CSV経営の企業戦略のヒント
企業と顧客のエンゲージメント・マーケティングを行うエンゲージメント・ファースト社より最新のCSV調査の資料が届きましたのでシェアさせていただきます。
エンゲージメント・ファーストはCSVに関する意識調査を定期的に行っています。本記事では、2017年3月に調査したという「CSV Survey 2017」のサマリーを紹介します。
すでにCSVを戦略に組み込んでいる企業というよりは、これからCSVに取り組む企業が参考になるデータだと思います。
CSV Survey 2017
・調査回答者の66%が商品やサービスを購入の際、企業の姿勢が重要だと考えている
・調査回答者の64%が社会課題解決にコミットしている企業の商品やサービスを購入したいと答えている
・直近6ヶ月で社会課題にコミットしている企業のサービスを買った人は10%で、そのうちの51%は知人にその商品を進めている
・社会課題解決にコミットしている企業として、サントリー(84名)、トヨタ(55名)、パナソニック(22名)、キリン(19名)などがあげられた
・生活者が商品を選定する際に、40歳代、50歳代、60歳代はテレビ広告の影響力は以前大きいが、20歳代、30歳代はデジタルの比率が大きくなり、Webサイトやソーシャルなどでのコミュニケーションが重要
(引用:CSV Survey 2017 調査レポート)
CSVのマーケティング成果は、BtoCではより顕著に出るように見えます。BtoBでもインフラ系のビジネスをしている企業は、BtoBでもエンドユーザーとして一般生活者が見えるため、CSV戦略の導入はマーケティング成果につながりやすいのかもしれません。
意識調査と実際の行動は違いますが、それでも何十%もの人がCSV的な企業姿勢と商品・サービスをリンクさせて考えているという、とても大きな示唆を垣間見ることができました。

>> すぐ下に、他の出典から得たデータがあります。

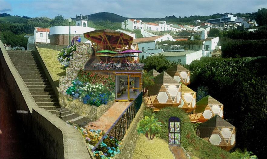 當(dāng)航空公司開始售賣亞速爾群島的廉價機(jī)票時,該區(qū)域會享受相對的安寧和寧靜?,F(xiàn)在開始要改變游客涌入原始群島帶來的問題。建筑師約翰•珊頓(John Shenton)和亞速爾群島旅游、農(nóng)業(yè)發(fā)展公司(TADA)想要避免這種生態(tài)和社會經(jīng)濟(jì)下滑現(xiàn)象,將突發(fā)性旅游群與生態(tài)小屋結(jié)合起來,改善當(dāng)?shù)鼐用竦纳睢?br />

あと、20〜30代といういわゆるミレニアル世代近辺の話は「ミレニアル世代とCSR・社会貢献の関係性」でまとめていますので、こちらも参考にしてみてください。
CSV Survey 2016
・生活者の社会課題意識は、57%が社会課題に「非常に興味ある」「どちらかといえば興味ある」と答えており、昨年より2ポイント増加している。
・回答者の73%が購買検討時に企業の考え方や姿勢が「非常に重要」「重要」だと答えている。前回調査より12ポイント増加。2015年に起こった廃棄された食料品の販売や環境問題などの影響が考えられる。

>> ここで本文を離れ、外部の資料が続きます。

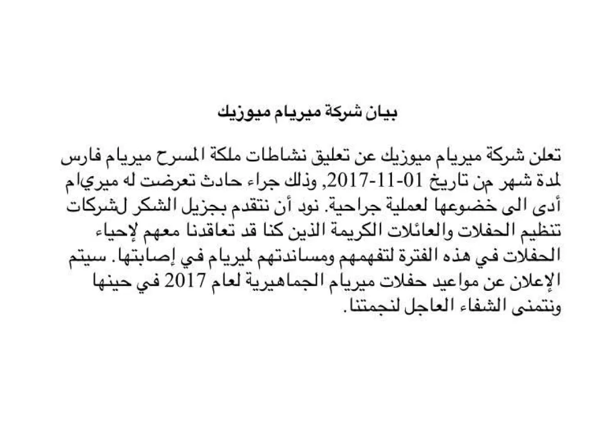 بالأمس وزع المكتب الإعلامي الخاص بالفنانة ميريام فارس، بيانًا صحافيًّا، أشار فيه الى تعرّضها لحادث استدعى دخولها المستشفى، وخضوعها لعملية جراحية، كما أشار البيان إلى أنّ ميريام قررت توقيف نشاطها الفني لمدة شهر كامل، بدءًا من تاريخ 1-11- 2017 ، كما تقدمت بالشكر إلى شركات تنظيم الحفلات والعائلات الكريمة التي تم التعاقد معها، لتفهّمها ومساندتها لميريام في إصابتها، على أن يتم الإعلان عن حفلات ميريام للعام 2017 في حينها.

・回答者の62%が社会的課題に取り組む企業の商品やサービスを今後「積極的に購入したい」「購入したい」と答えている。
・回答者の48%が社会的課題に取り組む企業の商品やサービスを「積極的に購入している」「どちらかと言えば購入している」と答えているが、2015年と比較すると5ポイント低下している。
(引用:CSV Survey 2016)
この調査より、生活者はより一層社会課題意識が高まり、商品の購入時には企業の社会課題解決への姿勢を検討の際に重要視している傾向が強まっていることが分かった、とのことです。

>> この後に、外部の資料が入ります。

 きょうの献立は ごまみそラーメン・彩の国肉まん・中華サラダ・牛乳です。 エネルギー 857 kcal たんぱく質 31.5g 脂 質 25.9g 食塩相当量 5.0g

東日本大震災で盛り上がった“応援消費”のような動きが丸5年たってどういう形で定着したか興味深かったです。
これは2017年の調査結果でもですが、商品・サービスと同様に「企業姿勢」も購買の意思決定におけるファクターとなっているように見えます。これは、一時期、外食で名指しでブラック企業のレッテルをはられた企業などで顕著にあったものなので、それを証明したとも言えます。
まとめ
“機能的”に、どんなに素晴らしい商品・サービスを販売しても、企業の組織としてのイメージが悪ければ、購買にいたらない可能性がある。
逆に商品・サービスが業界でトップクラスでなくても、組織イメージ等による購買コンテクストによっては、売上を伸ばすことが難しくない社会へ。
非常にハイコンテクストな社会になっている現代において、情報の文脈がこれほどまでに注目された時代があったでしょうか。情報そのものに価値はなくその文脈が重要とされる世界。
CSVは、そのコンテクストを構築する、つまり社会課題とビジネススキームを結びつけるフレームワークとなりうる可能性があります。これからCSV戦略を構築するという企業は、ぜひこのあたりのデータを参考にしてみてください。